Ms Horton received 134.8 million (50.8 per cent) votes in favour of re-election, while 130.5 million (49.2 per cent) voted against.
There were 46.6 million abstention votes.
Interestingly, Ms Horton had 158 million votes from the proxies, with some shareholders changing their vote following the meeting.
In her address to the meeting, Ms Horton noted the proxie votes against her.
“Some shareholders discussed their votes with me, and directly linked their voting intentions to the board’s decision regarding whether to grant due diligence to the BGH consortium,” she said.
“Recognition of shareholder views is essential, although it is as I said the fiduciary obligation of directors to consider the best interests of all shareholders and to do so in terms of medium to longer-term valuation considerations.
“A significant vote against my re-election will not influence the independent collective judgment that the board is required to make on such matters and the obligations of all directors to pursue the best interests of all shareholders without fear or favour.
“In this case, the current judgment of the overall board is to reject the indicative proposal.”

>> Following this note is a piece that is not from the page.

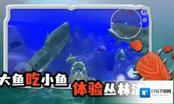 3、成长与进化:通过猎杀其他小鱼获取食物,玩家可以促进自己的鱼类角色成长和进化,这种成长机制增加了游戏的可玩性和挑战性。

“If there is any question about Tracey's re-election, it has arisen only because the consortium and certain other shareholders have sought to use the timing of the AGM and the fact that Tracey is up for re-election in an attempt to exert pressure on her and the rest of the board in relation to a proposal that the board has determined is not in the best interests of all shareholders,” he said.
“The board has not and will not bow to that tactical use of pressure and unanimously recommends the reappointment of our chair, Tracey Horton.”
All other motions were passed at the meeting.
Shares in Navitas finished flat at $5.12 each today.